En la providencia que se acaba de citar, la Corte se pronunció sobre los efectos de la declaración de la simulación de un negocio jurídico y sostuvo que “muy a menudo ocurre que como resultado de las relaciones jurídicas posteriores al contrato simulado, las consecuencias de este tienen incidencia directa en otras personas, ante lo cual cabe preguntarse si un acto aparente posee la virtualidad de lesionar los intereses de terceros; entendiendo por estos últimos —en sentido amplio— los sucesores a título universal (herederos y legatarios), los acreedores quirografarios, los causahabientes a título particular, e, incluso, el penitus extraneus”.

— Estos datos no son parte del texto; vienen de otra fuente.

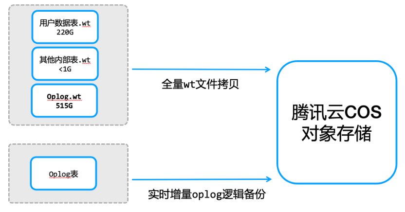 从上面的备份和回档流程可以看出,全量物理备份的时候我们需要拷贝 oplog.wt 到 cos, 下载的时候也需要从 cos 下载这个 oplog.wt 文件。
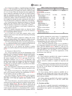 ASTM D4014-23 is a technical specification published by ASTM International. Its full title is "Standard Specification for Plain and Steel-Laminated Elastomeric Bearings for Bridges". This standard covers: ABSTRACT This specification covers bearings, which consist of all elastomer or of alternate laminates of elastomer and steel, when the function of the bearings is to transfer loads or accommodate relative movement between a bridge superstructure and its supporting structure, or both. The bearings are furnished in four types as follows: plain elastomeric bearing pad; plain elastomeric sandwich bearing; steel-laminated elastomeric bearing; and steel-laminated elastomeric bearing with external load plate. The elastomer for the manufacture of the bearing is furnished in two types: Type CR and Type NR. The elastomer for the manufacture of the bearing is furnished in four grades of low-temperature properties: Grade 0; Grade 2; Grade 3; and Grade 5. The elastomeric compound used in the construction of a bearing shall contain only either natural rubber or chloroprene rubber as the raw polymer. Internal steel laminates shall be of rolled mild steel. Plain bearing pads shall be molded individually, or cut from previously molded strips or slabs, or extruded and cut to length. A steel-laminated bearing or a plain sandwich bearing shall be molded as a single unit under pressure and heat. All bonding of elastomer to steel laminates and to external load plates shall be carried out during molding. Bearing compression tests, compression stiffness, visual inspection, quality control properties, shear modulus, ozone resistance, and low-temperature grade tests shall be performed to conform to the specified requirements. SCOPE 1.1 This specification covers bearings which consist of all elastomer or of alternate laminates of elastomer and steel, when the function of the bearings is to transfer loads or accommodate relative movement between a bridge superstructure and its supporting structure, or both. 1.2 The values stated in SI units are to be regarded as the standard. Note 1: The words “elastomer” or “elastomeric” will be used interchangeably with the word “rubber” in this specification. 1.3 The following safety hazards caveat pertains only to the test methods portion, Section 8, of this specification: This standard does not purport to address all of the safety concerns, if any, associated with its use. It is the responsibility of the user of this standard to establish appropriate safety, health, and environmental practices and determine the applicability of regulatory limitations prior to use. 1.4 This international standard was developed in accordance with internationally recognized principles on standardization established in the Decision on Principles for the Development of International Standards, Guides and Recommendations issued by the World Trade Organization Technical Barriers to Trade (TBT) Committee.
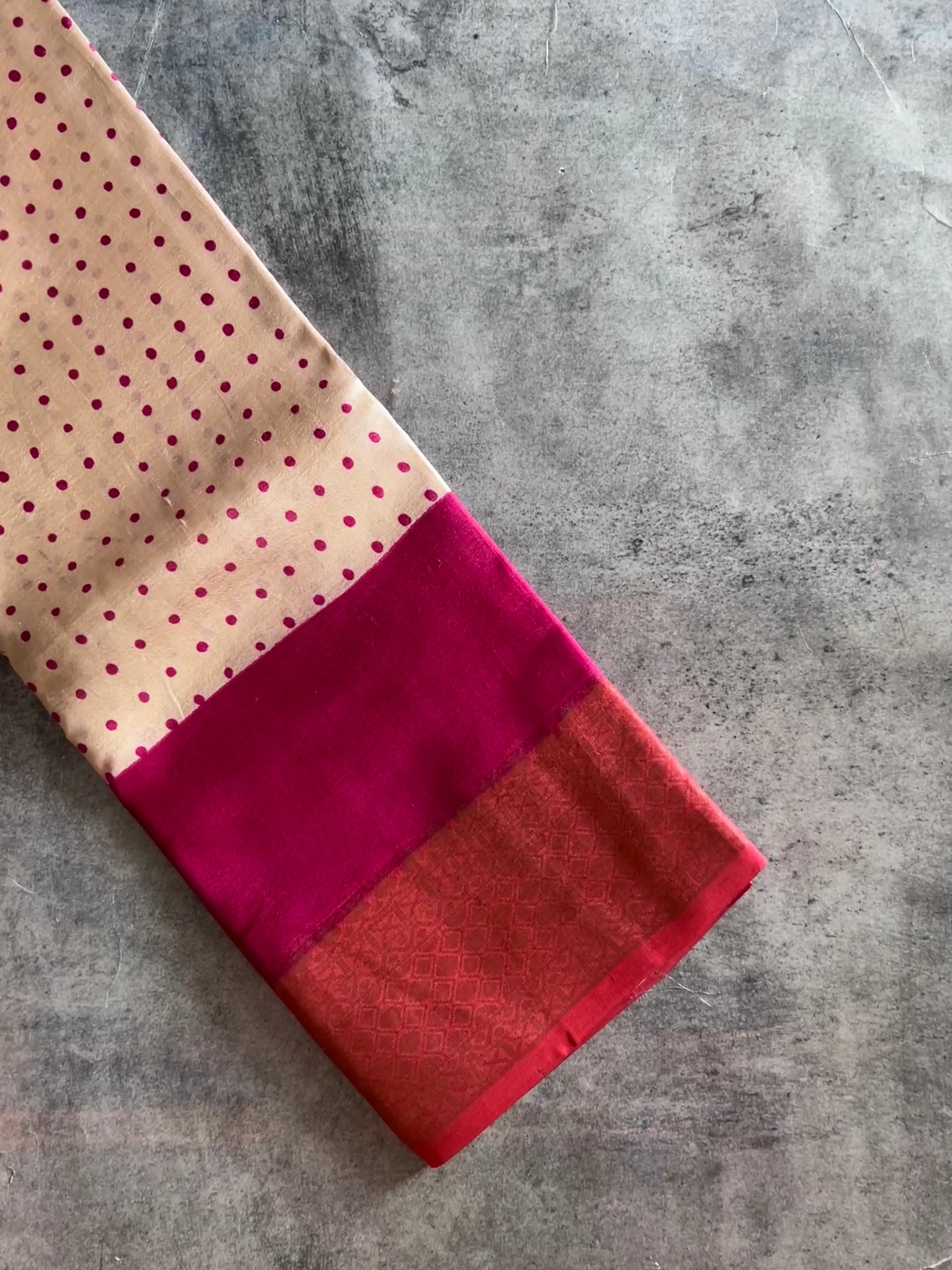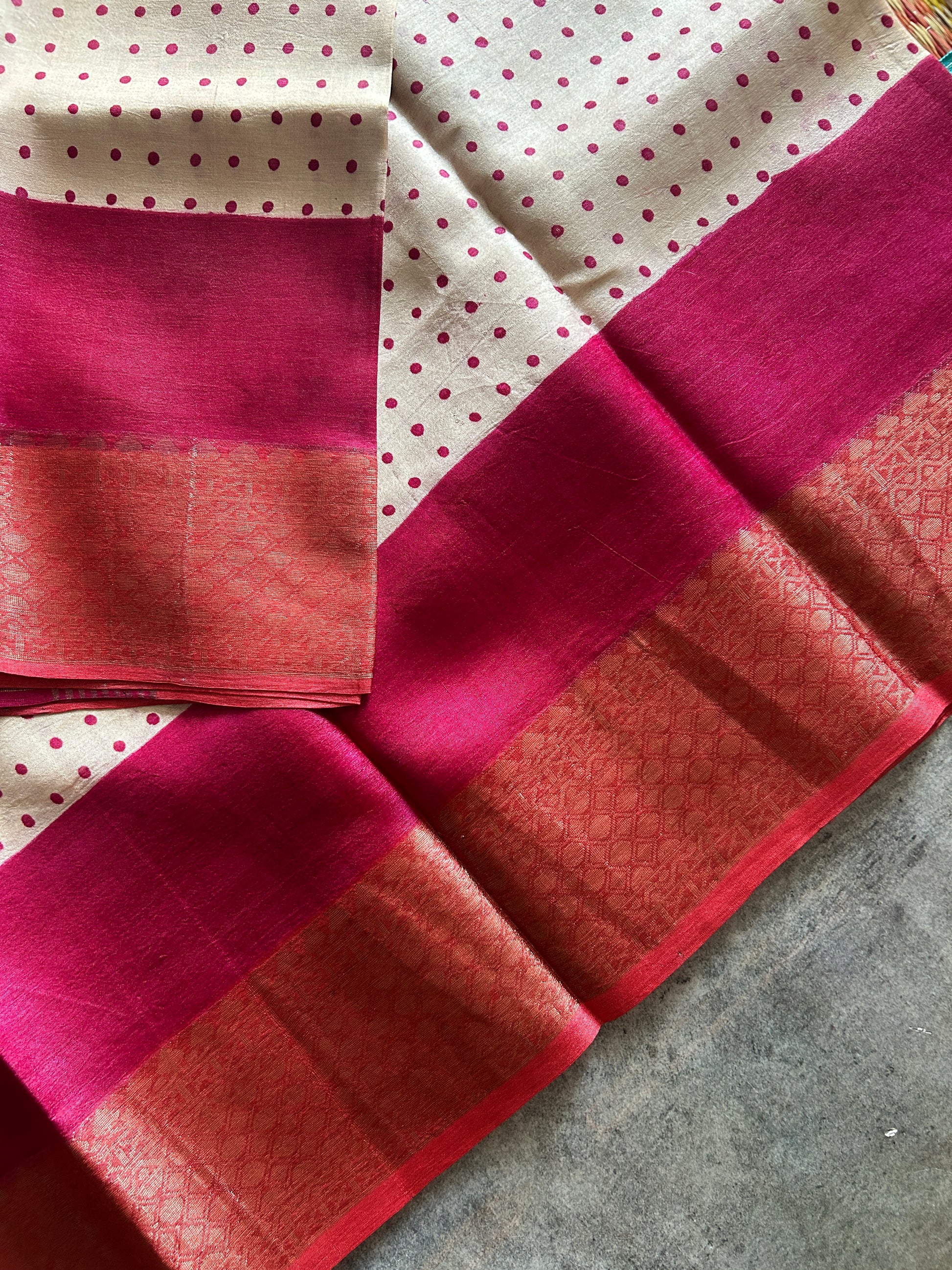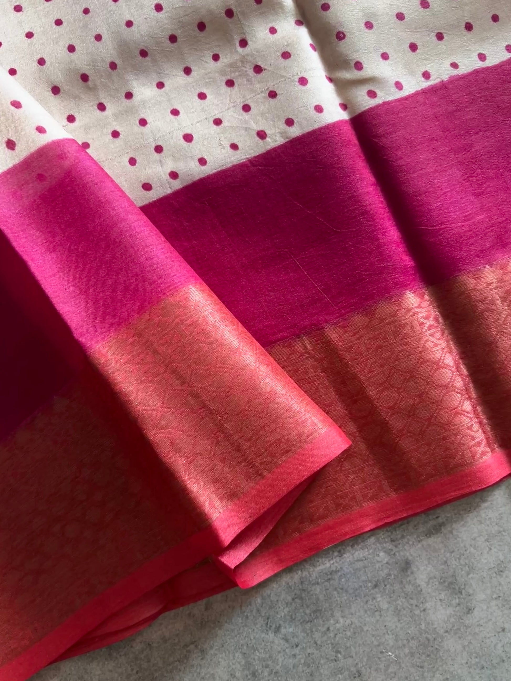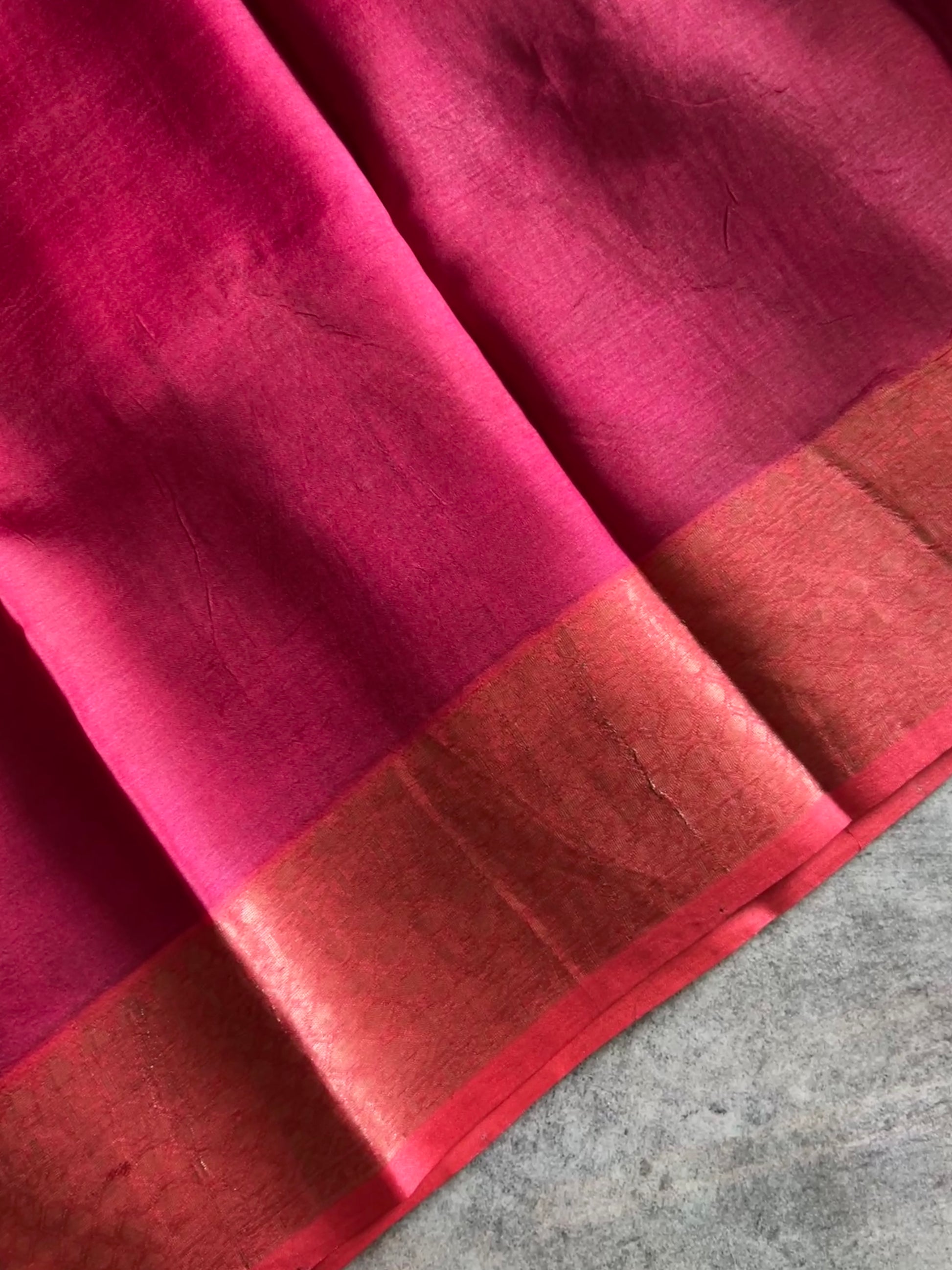 Tussar silk sarees are handwoven pieces of wonder getting you ethnified with the modern twist. This fabric shines on the outside and makes you cozy from the inside with its soft breathable nature. So, Ideal to keep yourself in your comfort zone at the long gatherings.
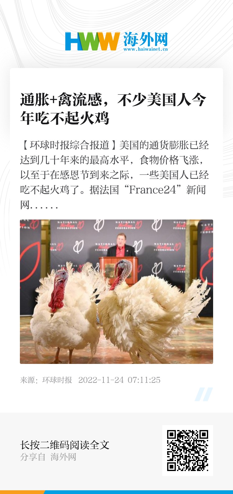 【环球时报综合报道】美国的通货膨胀已经达到几十年来的最高水平,食物价格飞涨,以至于在感恩节到来之际,一些美国人已经吃不起火鸡了。
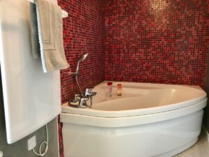 En plus, elle a une belle baignoire d’angle, qui remplacera le jacuzzi extérieur si le temps était vraiment trop horrible. Vous savez ce que c’est parfois ici, quoi qu’on dise…
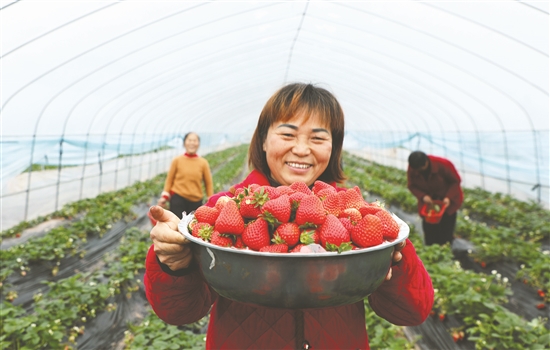 “每亩草莓的产量在2000斤左右,亩收入能达到3至4万元。”李贵志说,8月种植草莓,12月就能成熟,采摘时间一直持续到次年4月,草莓采摘结束后,还可以种植一季粮食,实现粮经轮作。
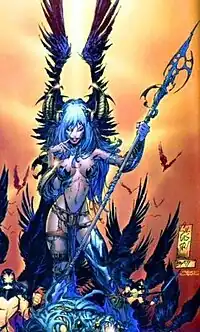 The Angelus is an American comic character featured in publications by Top Cow Productions. Initially appearing in the first lineup of The Darkness in 1997, the Angelus has featured as an antagonist and occasional supporting character in issues of The Darkness and The Witchblade.[1][2] Described as the equal and opposite of the Darkness, as well as essentially being the mother of the Witchblade, the Angelus is a powerful opponent that has challenged both Jackie Estacado and Sara Pezzini on several occasions. She has also made cameos in a few other Top Cow titles.

Los terceros relativos están legitimados para participar en el litigio, es decir están en una condición en virtud de la cual ellos mismos hubieran podido ejercer la pretensión, o sea que son sujetos de intervención principal, pues poseen un derecho propio distinto de los del demandante y demandado, de ahí que no es posible acallar su interés jurídico con el solo argumento de que no concurrieron a la formación del contrato.

De ahí que su legitimación haya sido reconocida por la jurisprudencia en acciones como la de simulación, pues “todo aquel que tenga un interés jurídico protegido por la ley, en que prevalezca el acto oculto sobre lo declarado por las partes en el acto ostensible, está habilitado para demandar la declaración de simulación. Ese interés puede existir lo mismo en las partes que en los terceros extraños al acto, de donde se sigue que tanto aquellas como estos están capacitados para ejercitar la acción... (G.J. tomo LXXIII, pág. 212)” (CSJ SC, 27 Ago. 2002, Rad. 6926).

4. La acción rescisoria, en este caso, fue promovida por quien ostentaba la condición de socio mayoritario de Inversiones Asociados Compañía Ltda., la cual enajenó el lote de terreno que constituía el único activo de la sociedad a favor de Nelly Duarte Villamizar, y a pesar de que no celebró la compraventa, es innegable que estaba legitimado para incoar la acción rescisoria por la lesión enorme que estimó configurada en ese negocio, como a continuación se explica.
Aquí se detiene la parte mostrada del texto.